61.
PAUL
Wellicht omdat Paul het vertrek van zijn vrouw had zien aankomen, had het gebeuren op zijn leven minder impact dan verwacht. Aan zijn vlak voor de neus gelegen bestemming hoefde niet te worden gesleuteld; daardoor slaagde hij er wonderwel in de dingen op hun beloop te laten. Nog een tijdje had hij erop vertrouwd dat Vanessa uit eigen beweging terug zou komen. Maar op een dag overleed plotseling haar vader. Via Birgit had hij haar op de hoogte gebracht. Vanessa verscheen op de uitvaart, maar van de verhoopte verzoening kwam niets terecht. Het weerzien verliep zelfs uiterst stroef. Haar naar beneden getrokken mondhoeken, - uitdrukking van koppige verbetenheid, - had hem niet van zijn even koppige vraag weerhouden om terug te komen. ‘Mijn deur staat altijd voor je open.’ Later had hij er nog aan toegevoegd: ‘Denk aan Katia! Zij vraagt elke dag naar je.’ Maar Vanessa bleek niet voor rede vatbaar. Zij droeg een hoed met zwarte voile. Haar half bedekte gezicht neigde lichtjes naar voor. Zij stonden aan de uitgang van het kerkhof. Een witte zon brak met moeite door de mistige hemel. De meeste aanwezigen waren vertrokken. Terwijl Vanessa zijn verzoek hoofdschuddend negeerde, volgden zijn ogen de gebogen lijn van haar vlezige lippen waarvan de fijne welvingen met vlokkige kloofjes hem alweer de indruk gaven van haar uitgesproken zinnelijkheid. Zij zag er prachtig uit. Paul was er zeker van dat ze zich flink liet naaien. Hij vroeg zich af waarom zij hem in de loop van hun huwelijk steeds minder zulke gunsten had verleend. Dat die oude Jungheinrich zich beter van zijn taak zou kwijten, hield hij niet voor mogelijk. ‘Denk je eraan van me te scheiden?’

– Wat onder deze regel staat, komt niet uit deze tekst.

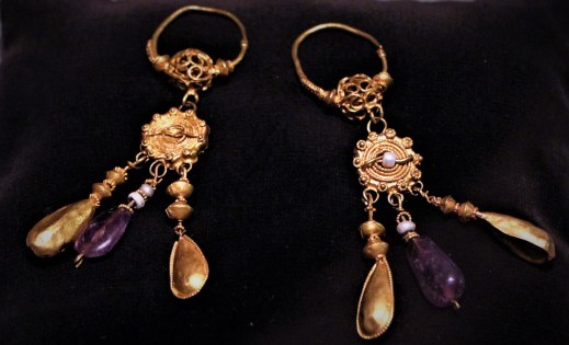 riferibili a una donna di altissimo rango identificabile e nota soprattutto per la presenza di questi orecchini in oro e ametista ma anche per una giarrettiera, un reggicalze a doppio pendente che rimanda a una cultura germanica sicuramente, ma anche a contatti con un mondo transalpino. Questa sepoltura in realtà è il sunto di tutta una serie di elementi non solo pertinenti alla cultura germanica – e mi riferisco a quella non esclusivamente longobarda -, ma denota anche contatti con il mondo bizantino, con un’oreficeria di pregio, di lusso e di prestigio”.

‘Wij moeten die zaak alvast bespreken. Door wederzijdse toestemming kunnen we de gerechtskosten drukken.’
Paul weigerde over haar te oordelen. Hij stelde enkel vast dat haar vader net begraven was en dat zij de mond vol had over kosten. ‘En hoe zit het dan met Katia?’

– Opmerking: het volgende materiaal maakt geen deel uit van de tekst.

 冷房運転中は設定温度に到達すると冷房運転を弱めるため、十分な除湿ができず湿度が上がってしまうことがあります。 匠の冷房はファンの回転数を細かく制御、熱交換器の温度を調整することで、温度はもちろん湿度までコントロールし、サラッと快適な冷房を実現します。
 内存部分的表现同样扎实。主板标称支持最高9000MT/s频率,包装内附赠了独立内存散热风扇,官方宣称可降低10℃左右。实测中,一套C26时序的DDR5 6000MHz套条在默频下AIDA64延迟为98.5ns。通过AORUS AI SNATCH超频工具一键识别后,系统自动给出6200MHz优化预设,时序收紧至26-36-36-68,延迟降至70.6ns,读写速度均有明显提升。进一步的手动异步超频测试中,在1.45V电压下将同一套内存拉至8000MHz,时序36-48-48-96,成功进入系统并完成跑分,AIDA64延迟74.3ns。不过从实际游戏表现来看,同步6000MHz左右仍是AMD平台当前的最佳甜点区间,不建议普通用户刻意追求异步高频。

‘Voorlopig kan ze niet bij mij komen!’
‘Dat het tussen ons zo moet aflopen...’
‘Alsjeblief, niet sentimenteel worden, Paul. Jij hebt me altijd voorgehouden in het heden te leven. Doe jij dat ook. Het verleden is dood!’
Aan de overkant van de straat, parkeerde een onbekende haar Renaultje.
‘Kijk, Jungheinrich laat je wagen van tevoren brengen!’
Achter het stuur hield een stroef gezicht hen in de gaten.
Vanessa had het ook gezien. ‘Ga jij alvast. Ik praat even met de bestuurder!’ Zij stak tot op zekere afstand de lege straat over. Hoewel aan hun luide stemmen te horen was dat zij kibbelden, kon hij geen woord verstaan.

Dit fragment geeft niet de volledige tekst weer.